=== Begin Enclosure ===

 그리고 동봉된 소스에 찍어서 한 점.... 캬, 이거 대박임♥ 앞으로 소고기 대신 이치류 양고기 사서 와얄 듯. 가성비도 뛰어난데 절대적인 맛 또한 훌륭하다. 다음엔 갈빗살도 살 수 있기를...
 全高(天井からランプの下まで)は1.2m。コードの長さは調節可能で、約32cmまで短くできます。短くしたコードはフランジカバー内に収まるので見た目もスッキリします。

=== End Enclosure ===
=== Begin Enclosure ===

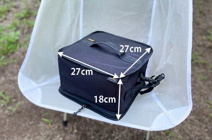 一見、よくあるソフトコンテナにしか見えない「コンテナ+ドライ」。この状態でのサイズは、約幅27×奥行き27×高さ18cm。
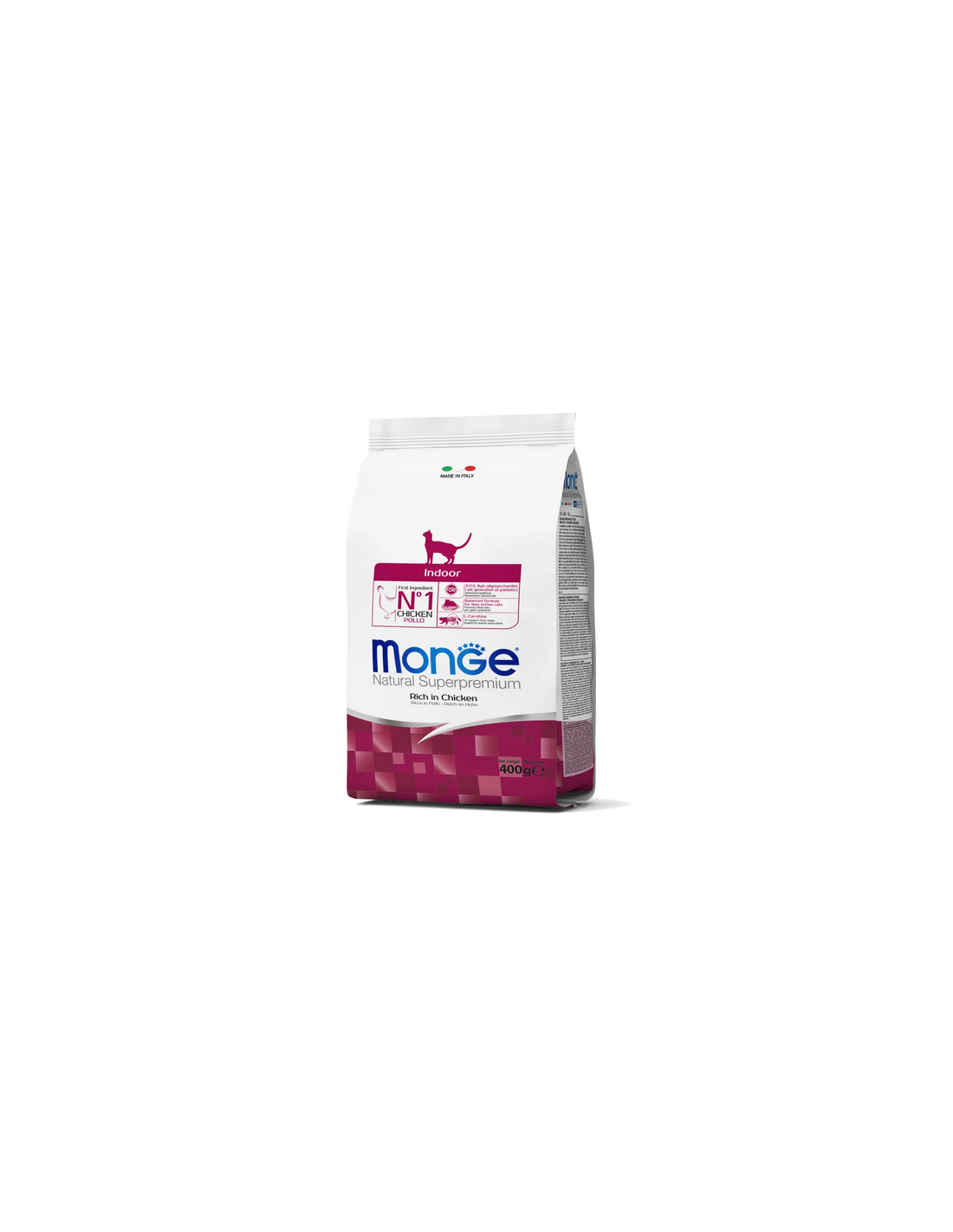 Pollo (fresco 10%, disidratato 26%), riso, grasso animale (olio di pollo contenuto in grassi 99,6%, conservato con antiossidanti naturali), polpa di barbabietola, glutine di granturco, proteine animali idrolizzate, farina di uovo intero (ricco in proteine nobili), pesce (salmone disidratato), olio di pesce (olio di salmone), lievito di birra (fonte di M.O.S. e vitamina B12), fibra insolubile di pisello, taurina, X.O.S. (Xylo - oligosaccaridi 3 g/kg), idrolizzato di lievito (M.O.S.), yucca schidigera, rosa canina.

=== End Enclosure ===
=== Begin Enclosure ===

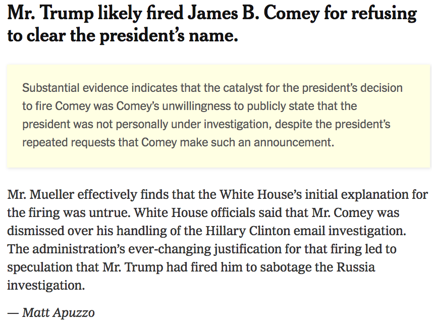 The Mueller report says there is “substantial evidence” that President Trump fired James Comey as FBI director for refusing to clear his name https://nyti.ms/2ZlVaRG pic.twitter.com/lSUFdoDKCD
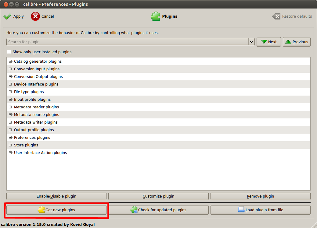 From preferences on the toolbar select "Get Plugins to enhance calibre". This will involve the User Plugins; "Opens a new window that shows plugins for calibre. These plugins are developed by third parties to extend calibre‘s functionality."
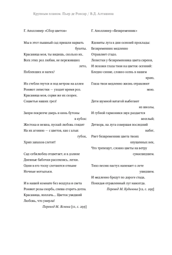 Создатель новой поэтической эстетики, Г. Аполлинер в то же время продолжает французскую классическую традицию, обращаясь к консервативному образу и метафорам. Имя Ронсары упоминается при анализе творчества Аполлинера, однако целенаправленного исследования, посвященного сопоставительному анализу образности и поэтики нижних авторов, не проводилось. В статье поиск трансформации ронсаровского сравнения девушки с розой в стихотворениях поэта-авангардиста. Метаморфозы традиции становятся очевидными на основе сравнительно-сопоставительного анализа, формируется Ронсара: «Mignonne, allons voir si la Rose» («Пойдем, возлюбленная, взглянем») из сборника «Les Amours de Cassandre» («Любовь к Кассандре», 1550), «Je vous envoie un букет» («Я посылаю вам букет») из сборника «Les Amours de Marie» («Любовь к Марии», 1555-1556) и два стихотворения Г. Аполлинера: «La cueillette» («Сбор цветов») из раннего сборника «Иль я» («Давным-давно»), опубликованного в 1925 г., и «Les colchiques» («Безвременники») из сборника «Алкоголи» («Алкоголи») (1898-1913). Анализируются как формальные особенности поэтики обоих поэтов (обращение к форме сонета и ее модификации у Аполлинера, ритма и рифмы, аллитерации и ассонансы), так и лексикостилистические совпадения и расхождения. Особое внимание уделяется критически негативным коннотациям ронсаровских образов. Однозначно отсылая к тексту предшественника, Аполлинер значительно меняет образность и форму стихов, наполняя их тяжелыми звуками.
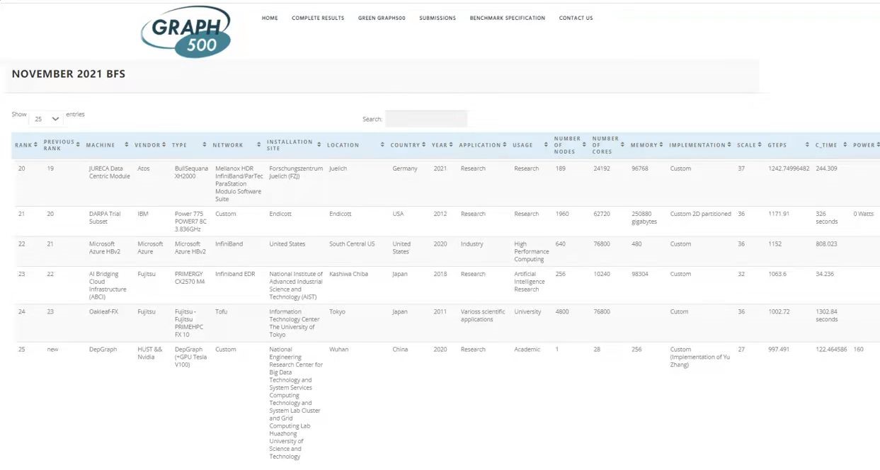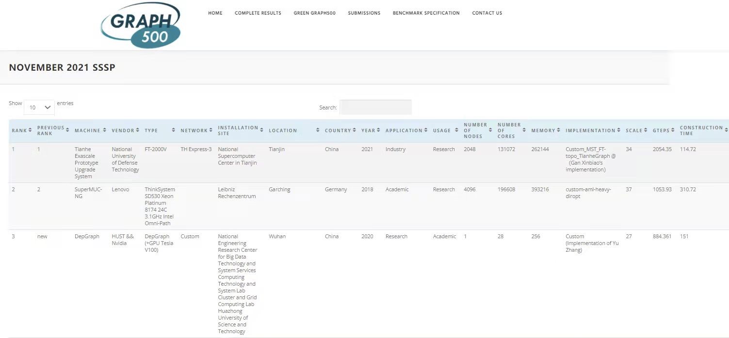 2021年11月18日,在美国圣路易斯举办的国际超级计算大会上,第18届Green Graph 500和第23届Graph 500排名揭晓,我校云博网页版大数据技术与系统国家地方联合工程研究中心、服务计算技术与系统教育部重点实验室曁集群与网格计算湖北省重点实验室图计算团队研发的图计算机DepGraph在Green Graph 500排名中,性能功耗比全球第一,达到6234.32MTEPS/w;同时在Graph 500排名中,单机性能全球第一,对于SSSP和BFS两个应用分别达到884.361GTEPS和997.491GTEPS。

=== End Enclosure ===

PROBLEM TO SOLVE » In the listing above, find the line containing "From preferences on". Output it and every line after it up to and including the line containing "2021年11月18日,在美国圣路易斯举办的国际超级计算大会上,第18届Green Graph 500和第23届Graph", exactly, but skip the pictures.

ANSWER BOX »
 From preferences on the toolbar select "Get Plugins to enhance calibre". This will involve the User Plugins; "Opens a new window that shows plugins for calibre. These plugins are developed by third parties to extend calibre‘s functionality."
 Создатель новой поэтической эстетики, Г. Аполлинер в то же время продолжает французскую классическую традицию, обращаясь к консервативному образу и метафорам. Имя Ронсары упоминается при анализе творчества Аполлинера, однако целенаправленного исследования, посвященного сопоставительному анализу образности и поэтики нижних авторов, не проводилось. В статье поиск трансформации ронсаровского сравнения девушки с розой в стихотворениях поэта-авангардиста. Метаморфозы традиции становятся очевидными на основе сравнительно-сопоставительного анализа, формируется Ронсара: «Mignonne, allons voir si la Rose» («Пойдем, возлюбленная, взглянем») из сборника «Les Amours de Cassandre» («Любовь к Кассандре», 1550), «Je vous envoie un букет» («Я посылаю вам букет») из сборника «Les Amours de Marie» («Любовь к Марии», 1555-1556) и два стихотворения Г. Аполлинера: «La cueillette» («Сбор цветов») из раннего сборника «Иль я» («Давным-давно»), опубликованного в 1925 г., и «Les colchiques» («Безвременники») из сборника «Алкоголи» («Алкоголи») (1898-1913). Анализируются как формальные особенности поэтики обоих поэтов (обращение к форме сонета и ее модификации у Аполлинера, ритма и рифмы, аллитерации и ассонансы), так и лексикостилистические совпадения и расхождения. Особое внимание уделяется критически негативным коннотациям ронсаровских образов. Однозначно отсылая к тексту предшественника, Аполлинер значительно меняет образность и форму стихов, наполняя их тяжелыми звуками.
 2021年11月18日,在美国圣路易斯举办的国际超级计算大会上,第18届Green Graph 500和第23届Graph 500排名揭晓,我校云博网页版大数据技术与系统国家地方联合工程研究中心、服务计算技术与系统教育部重点实验室曁集群与网格计算湖北省重点实验室图计算团队研发的图计算机DepGraph在Green Graph 500排名中,性能功耗比全球第一,达到6234.32MTEPS/w;同时在Graph 500排名中,单机性能全球第一,对于SSSP和BFS两个应用分别达到884.361GTEPS和997.491GTEPS。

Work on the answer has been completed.